New here, need advice..

Discussions related to the 1.36.x series of ZoneMinder
Post Reply
Kb00
Posts: 2
Joined: Mon Oct 25, 2021 5:46 am

New here, need advice..

Post by Kb00 »

I've been searching around for software that might fulfill a specific need. I don't know if ZoneMinder hits the target or not so I've come to ask..

A few neighbors here and myself thought of getting some cameras setup on our properties. The idea has been tossed around about having some cameras each of us host that are accessible to one another - networking our cameras together for viewing at one time.
I'm doing my best to avoid nest/ring crap as a privacy advocate and trying to keep it out of "the cloud" and foss if possible.

When landing on BlueIris, it appeared the only thing I could do is have each neighbor host a vpn and we'd have to switch vpn connections to which set of cameras we wish to access, and then log into the camera system - unable to view all at once.
It would appear there's a software limitation that doesn't necessarily have to exist for aggregating multiple vpn connections for a centralized perspective; seeing all cameras that we're allowing each other access to at one time.

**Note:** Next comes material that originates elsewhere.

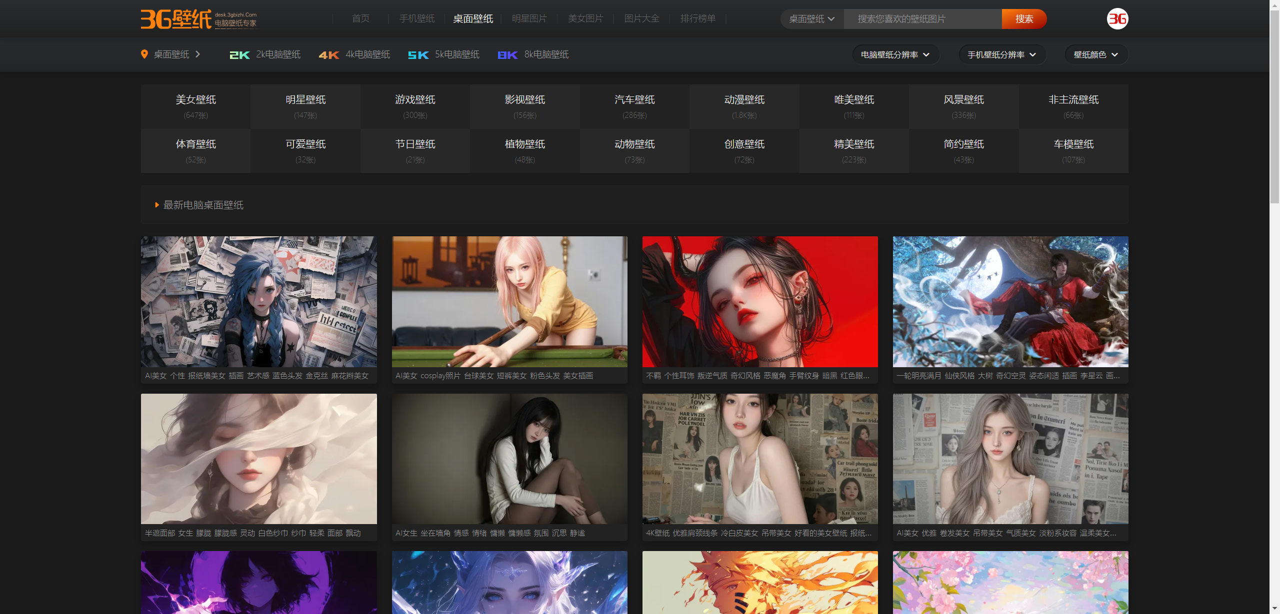 3G 壁纸是一个壁纸资源网站。网站内提供海量优质高清手机及电脑壁纸,清晰度可选 2K、4K、5K、8K,可按搜索或分类查找,也可按分辨率、颜色等标签筛选壁纸,或是查看全站下载排行榜。3G 壁纸提供的图片资源既可以成为美观的壁纸,也可以用作高质量的设计素材,十分值得收藏。

Can ZoneMinder pull this off? Does anyone else here have a similar use-case?
tortho
Posts: 11
Joined: Tue May 25, 2021 8:56 pm
Location: Sandefjord, Norway

Re: New here, need advice..

Post by tortho »

@Kb00 Im a newbie myself but I suspect that Zoneminders multiple server install might work for that task.
While awaiting some more advanced user you might have a look at this one: https://zoneminder.readthedocs.io/en/st ... erver.html
User avatar
Andyrh
Posts: 243
Joined: Sat Oct 28, 2017 3:55 am

Re: New here, need advice..

Post by Andyrh »

An option would be to allow the camera to be stream over the internet. This has risks as cameras tend to not be secure. While the connection may not be 100%, I suspect it will work. You would need to do the math on the bandwidth needed, ZM will show the bandwidth it is using for each stream.
A VPN would be best for security, but will require at least one of the group to be capable of maintaining the VPNs and routes and everyone has to be on a different subnet. A bunch of 192.168.1.x networks will not work.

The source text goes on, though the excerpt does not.